しばらくして、側近の一人が「独立ですか・・・?」と呻くように尋ねた。財務部門を統括する最側近で確かリチャードとかいう名だ。国でいえば宰相のような存在だろう。
「そうだ。考えても見よ。グノイス王は我らの危機に大隊一つ500しか援軍を寄こさなかった」
「確かにそうですが、コウキ様たち勇者一行を派遣し、実際に勝利しました」
「それは結果だ。そもそもグノイス王は我らだけでなく勇者一行も切り捨てるつもりだったのだ。そうだなギルバート」
「はい。私はルヴェンでの会議にも参加しました。魔族との最前線にいる第二と第五はともかく、第一師団からもう少し援軍を出しても良かったはずです。私はそう進言しましたが断られました」
キング侯爵は、うむと頷くと「それとジョンルカ」と別の側近の一人に声を掛けた。
「ジョンルカには諜報活動を担当させている」
ジョンルカは頷く。
「帝国をバルトラウト家が支配するようになって以来、ヨルグルンド大陸側ではずいぶん領土が削られました」
それは周知の事実だ。
「帝国は仮想敵国です」
皆、ジョンルカの次の言葉を待つ。
「ヨルグルンド大陸側での帝国の脅威はシデイア大陸側よりも身近なものです」
ジョンルカは当たり前のことを説明している。
「ですから、私はエルロイ様の命を受けて長年帝国での諜報活動を行っておりました。いえ私の前任者やその前も含めてです。ですから、それなりに伝手を持っています」
それはそうかもしれない。戦争とは情報戦でもある。
「グノイス王が帝国と水面下で交渉していたとの情報があります。我らを見捨て自分たちだけが生き残る交渉です。どうやら異世界召喚魔法陣を盾にして交渉していたようです。この情報は帝国側からだけでなくグノイス王側からも漏れてきました。どうやら交渉はあまり上手く行っていなかった様子ですが・・・」
やはりグノイス王はアレクを中心としたヨルグルンド大陸側を見捨てるつもりだったのだ。異世界召喚魔法陣を盾にしての交渉があまり上手く行っていなかったのはガルディア帝国を支配していたのがジーヴァスたちだからだ。
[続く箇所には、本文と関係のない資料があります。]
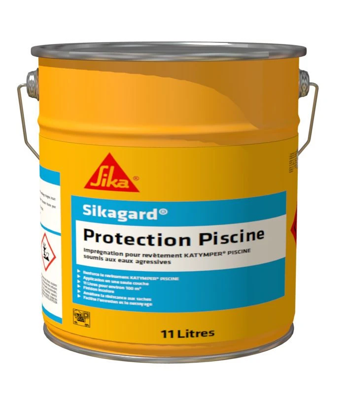 Avantages Produit : Sikagard Protection Piscine est une imprégnation prête à l’emploi conçu pour protéger et renforcer le revêtement Katymper Piscine contre les eaux de baignade agressives permettant de limiter la prolifération des algues, facilite l’entretien et le nettoyage. Température d’application : +5°C à +30°C Matériel : Rouleau laine à poils mi-longs Consommation : 1 litre pour environ 10 m² en 1 seule couche

「ハル、実はここへ派遣される前に、俺もある筋から同じ情報を得ていたんだ。まあ、ギルバートさんも同じ結論に達していたから情報ってほどでもないが」
なるほど、コウキもいろいろ動いていたというわけだ。
「諸君、そういうわけだ。グノイス王がそういう考えなら我らも独立しようと思う。今ならグノイス王もガルディア帝国も何もできまい」
皇帝ネロアと黒騎士団団長イズマイルが殺され、しかも魔石に変わったところを多くの騎士に目撃されたことで、ガルディア帝国は混乱状態だ。獣騎士団も壊滅している。少なくとも200年に渡ったバルトラウト家の支配は終わることになるだろう。
「私は賛成です。エルロウ様が王になって独立すべきです」
側近の一人がこの場の趨勢を代表して大きな声で賛意を示した。よく考えてみれば今がチャンスだと思い至ったのだろう。
「いや、王は私ではない」
「い、今なんと?」
最側近のリチャードが訊き返した。
「王は私ではなく勇者コウキだ」
僕は思わずコウキを見た。
「ハル、これは俺とエルロイが戦前に交わしていた約束だ。エルロイは約束を守ってくれるようだ。俺の目に狂いはなかった」
そういうことか・・・。コウキはさすがだ。
「初代勇者の名を冠するアレクを王都として独立する国の初代王として勇者コウキをほどふさわしい者はおるまい」とキング侯爵が言った。
コウキは立ち上がると皆を見回した。
「俺が王になっても宰相はエルロイに任せる。実質的な国の運営は今までと大きく変わらない。新しい国の騎士団長はもちろんギルバートだ。どうだ?」
何人かの側近や領主たちが「私はそれで構いません」、「新しい国に参加します」などと即答した。勇者の治める国、それはある意味憧れのようなものだ。そもそもルヴェリウス王家には古の勇者の血が流れていると聞いている。
コウキやマツリさんたち、それにギルバートさんも全然驚いていないから予め話はできていたのだろう。
「ねえ、ハル、ルヴェリウス王国はどうでるかな?」
「どうかなー、少なくとも今は何もできないと思うけど・・・」
ルヴェリウス王国には3つの師団が残っているけど、うち二つがゴアギールとの国境を守っている。おまけに勇者たちもいない。すぐにどうこうはできないと思う。むしろこの後コウキがどうするかだ。
そこでキング侯爵が発言した。
「皆、これは強制ではない。新しい国に参加したくない者は10日以内に申し出てくれ。ルヴェリウス王国に残ったからと言ってすぐに我らが貴公らの領土を攻めたりはしない。ただし・・・」
一旦、キング侯爵はそこで言葉を切ると、より大きな声で「ルヴェリウス王家には思うところがある」と言った。
これは脅しなのだろうか?
もともとキング侯爵はルヴェリウス王国のヨルグルンド大陸側の盟主であり人望も厚いと聞いているから、ほとんどの領主が新しい国に参加すると思う。
コウキの、そして僕の目的にとっても、これは大きな一歩だ。